_What the exercise asks_
Aside from the pictures, copy the listing exactly.

_Available data_
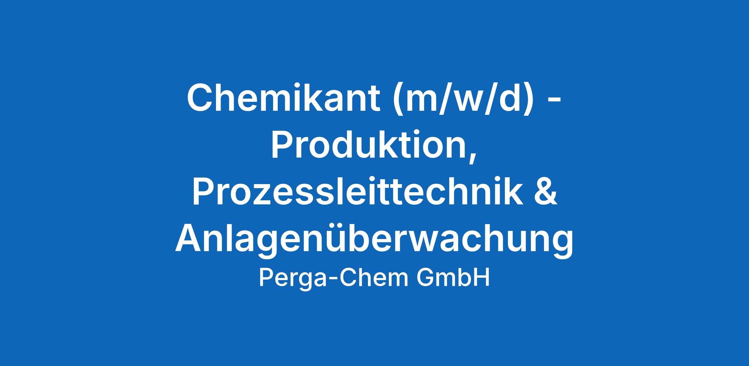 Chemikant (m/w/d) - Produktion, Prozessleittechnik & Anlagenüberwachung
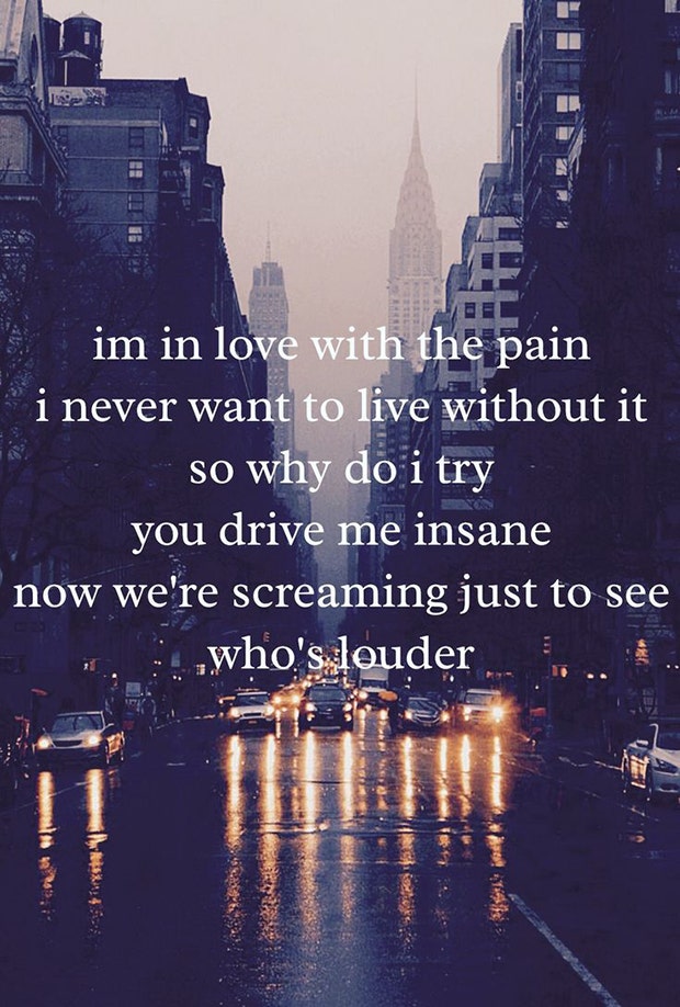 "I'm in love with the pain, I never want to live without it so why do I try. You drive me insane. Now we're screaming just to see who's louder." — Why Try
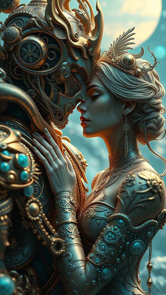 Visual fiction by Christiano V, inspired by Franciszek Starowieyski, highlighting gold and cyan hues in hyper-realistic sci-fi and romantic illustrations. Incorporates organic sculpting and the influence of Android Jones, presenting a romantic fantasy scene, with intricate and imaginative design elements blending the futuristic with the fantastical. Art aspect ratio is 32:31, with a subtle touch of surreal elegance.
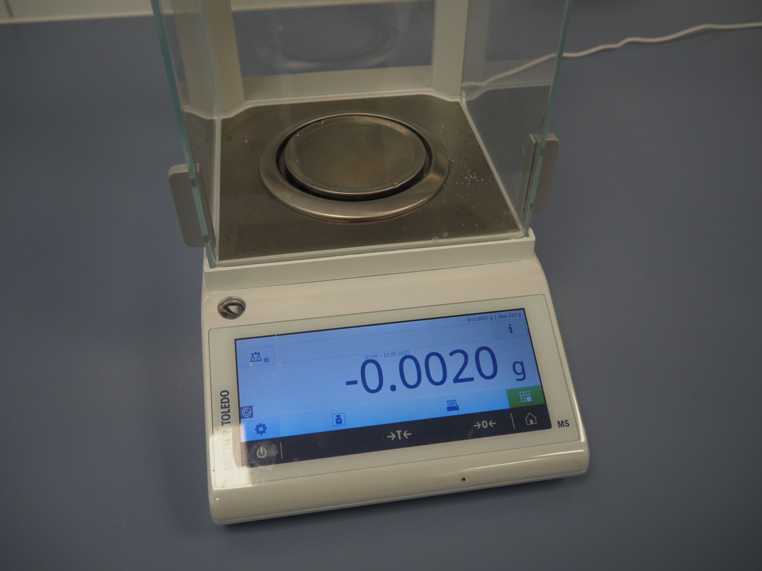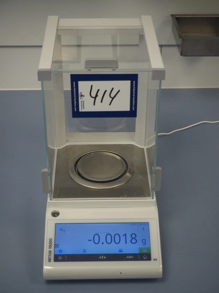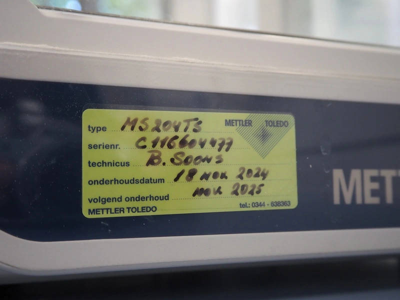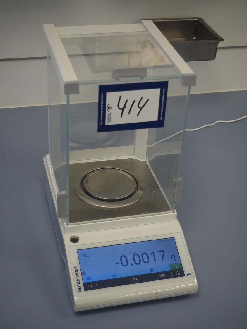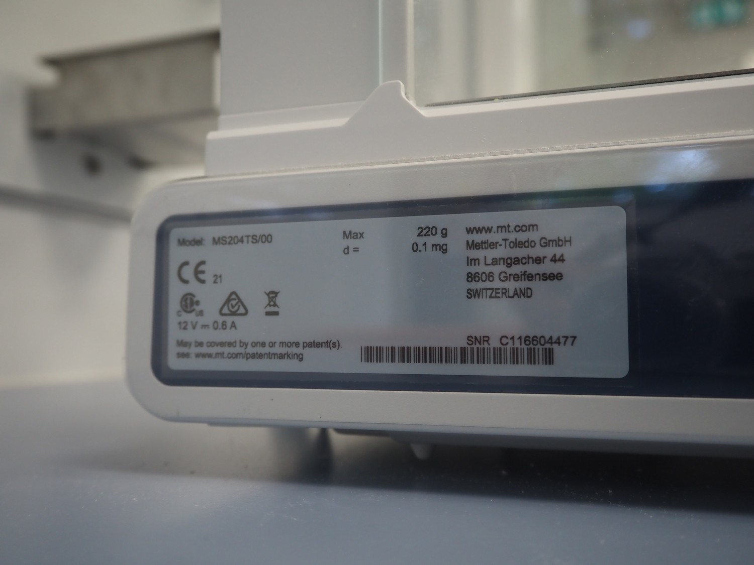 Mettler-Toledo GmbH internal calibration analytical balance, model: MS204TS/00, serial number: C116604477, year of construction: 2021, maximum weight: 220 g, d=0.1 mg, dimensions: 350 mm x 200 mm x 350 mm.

_Reply_
 Chemikant (m/w/d) - Produktion, Prozessleittechnik & Anlagenüberwachung
 "I'm in love with the pain, I never want to live without it so why do I try. You drive me insane. Now we're screaming just to see who's louder." — Why Try
 Visual fiction by Christiano V, inspired by Franciszek Starowieyski, highlighting gold and cyan hues in hyper-realistic sci-fi and romantic illustrations. Incorporates organic sculpting and the influence of Android Jones, presenting a romantic fantasy scene, with intricate and imaginative design elements blending the futuristic with the fantastical. Art aspect ratio is 32:31, with a subtle touch of surreal elegance.
 Mettler-Toledo GmbH internal calibration analytical balance, model: MS204TS/00, serial number: C116604477, year of construction: 2021, maximum weight: 220 g, d=0.1 mg, dimensions: 350 mm x 200 mm x 350 mm.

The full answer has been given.